O, si no ha pagado el servicio o artículo todavía, le enviaremos el pago directamente al proveedor. Cuando enviamos el pago, es lo mismo que decir que “Sí” a su solicitud de una decisión de cobertura.

  • Si el servicio o artículo no está cubierto o usted no siguió todas las normas, le enviaremos una carta en la que le diremos que no pagaremos el servicio o artículo y le explicaremos por qué.

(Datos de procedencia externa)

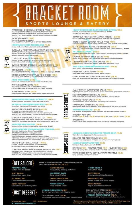 Web bracket room menu brunch brunch super skinny pizza $10.90 brunch breakfast paella $14.90 sunnyside eggs, peppers, avocado, heirloom tomoto and rice. Web view the online menu of bracket room and other restaurants in arlington, virginia. View the online menu of bracket room and other restaurants in arlington, virginia. Web bracket room is an upscale sports bar and restaurant in the heart of arlington. Order delicious mimosas, white russianor whiskey sour. Web it's worth coming to this bar for tasty caramel cheesecakes, triple chocolate cakesand baked apples. Web bracket room 1210 n garfield st not available on grubhub anymore find something that will satisfy your cravings explore options already have an account?

¿Qué pasa si el plan dice que no pagará?

 

Si no está de acuerdo con nuestra decisión, puede hacer una apelación. Siga el proceso de apelación. Cuando siga estas instrucciones, tenga en cuenta lo siguiente:

  • Si presenta una apelación para reembolso, debemos darle nuestra respuesta en un plazo de 30 días después de recibir su apelación.
  • Si nos está solicitando un reembolso por atención médica que ya recibió y pagó usted mismo, no tiene permitido solicitar una apelación rápida. 

Si respondemos “no” a su apelación y el servicio o artículo suele estar cubierto por Medicare, enviaremos automáticamente su caso a la Entidad de Revisión Independiente. Le avisaremos por carta si esto sucede.

  • Si la IRE revoca nuestra decisión y dice que debemos pagarle, debemos enviarle el pago a usted o al proveedor en un plazo de 30 días consecutivos. Si la respuesta a su apelación es “Sí” en cualquier etapa del proceso de apelación después del Nivel 2, debemos enviarle el pago que pidió a usted o al proveedor en un plazo de 60 días consecutivos.
  • Si la IRE dice que no a su apelación, significa que está de acuerdo con nuestra decisión de no aprobar su solicitud. (Esto se llama “ratificar la decisión”. También se llama “rechazar su apelación”). La carta que reciba explicará los derechos de apelación adicionales que es posible que usted tenga. Puede volver a apelar solamente si el valor en dólares del servicio o artículo que quiere cumple una determinada cantidad mínima.

Si respondemos “no” a su apelación y el servicio o artículo suele estar cubierto por Medi-Cal, puede presentar una Apelación de Nivel 2 usted mismo (vea arriba).

IEHP DualChoice (HMO D-SNP) es un Plan HMO con un contrato con Medicare. La inscripción en IEHP DualChoice (HMO D-SNP) depende de la renovación del contrato.